*ASSIGNMENT*.
Return nothing but the lines from the one with "[Черный AWN] натуральная" through the one with "Take a look" in the data below, word for word and without pictures.

*SUPPLIED MATERIAL*.
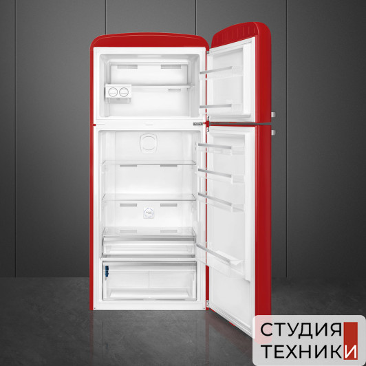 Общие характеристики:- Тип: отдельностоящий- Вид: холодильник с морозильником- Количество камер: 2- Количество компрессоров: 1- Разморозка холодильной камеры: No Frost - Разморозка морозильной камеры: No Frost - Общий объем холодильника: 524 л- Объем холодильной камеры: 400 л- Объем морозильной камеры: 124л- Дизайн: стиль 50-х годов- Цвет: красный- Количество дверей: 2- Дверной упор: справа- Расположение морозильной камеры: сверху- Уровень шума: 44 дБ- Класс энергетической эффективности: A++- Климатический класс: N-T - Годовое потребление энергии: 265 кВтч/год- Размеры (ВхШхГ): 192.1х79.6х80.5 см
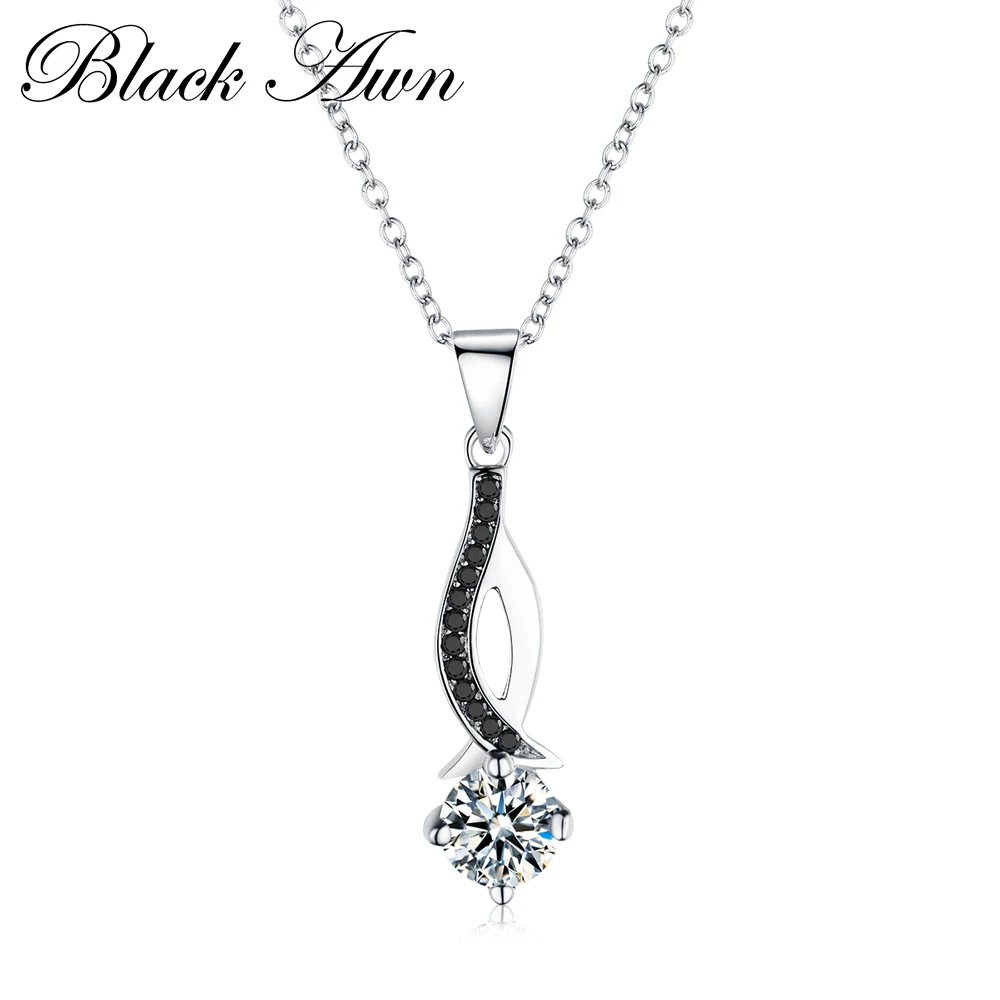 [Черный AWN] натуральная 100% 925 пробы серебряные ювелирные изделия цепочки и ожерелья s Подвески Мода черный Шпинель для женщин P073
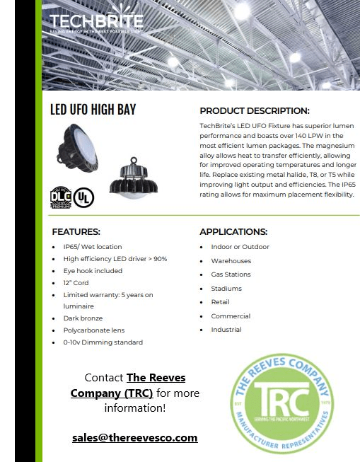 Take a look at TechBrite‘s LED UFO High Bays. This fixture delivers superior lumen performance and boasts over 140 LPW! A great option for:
==
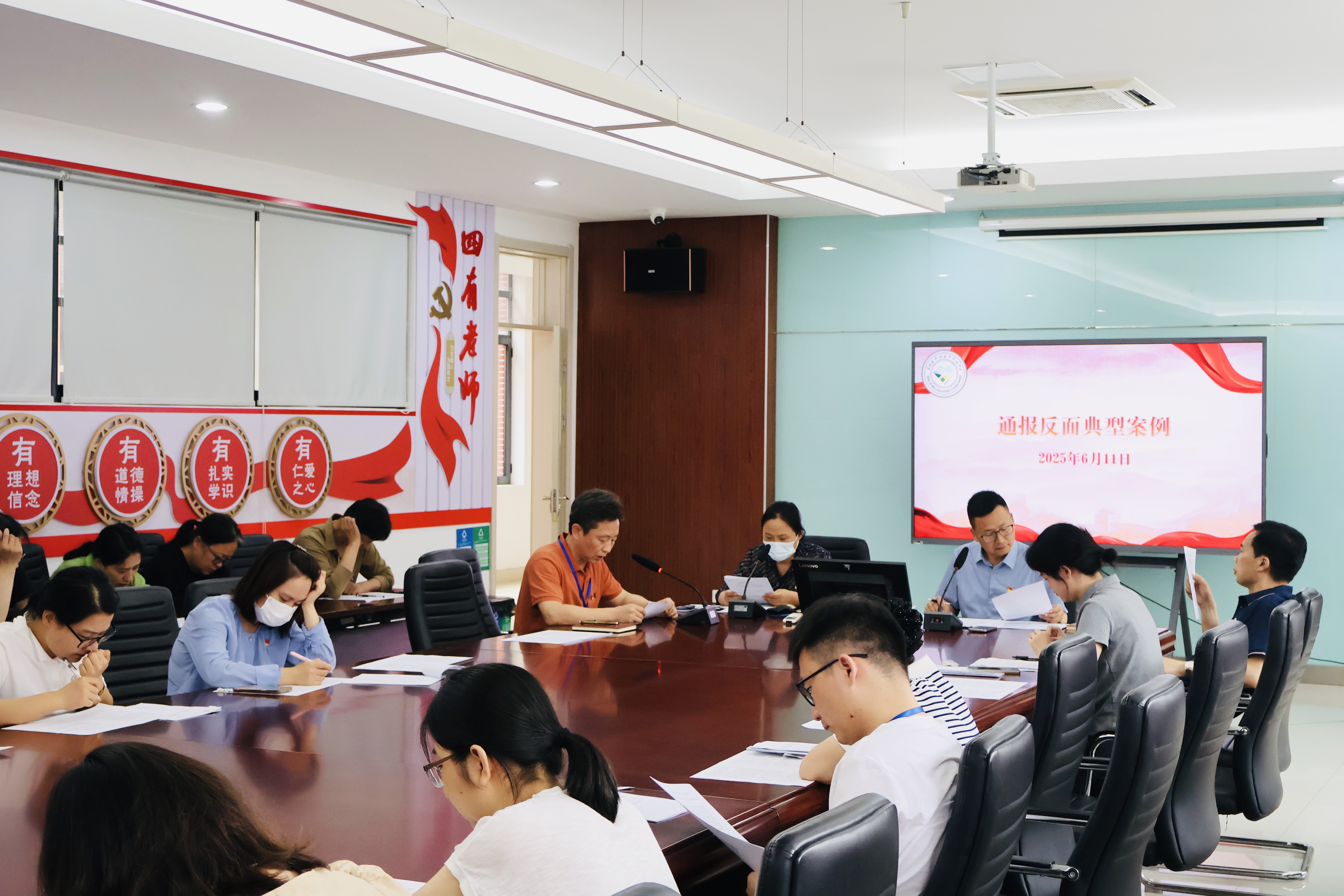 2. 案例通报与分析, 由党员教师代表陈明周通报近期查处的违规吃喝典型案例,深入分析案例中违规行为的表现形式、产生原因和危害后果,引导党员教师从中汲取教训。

*SOLUTION*.
 [Черный AWN] натуральная 100% 925 пробы серебряные ювелирные изделия цепочки и ожерелья s Подвески Мода черный Шпинель для женщин P073
 Take a look at TechBrite‘s LED UFO High Bays. This fixture delivers superior lumen performance and boasts over 140 LPW! A great option for:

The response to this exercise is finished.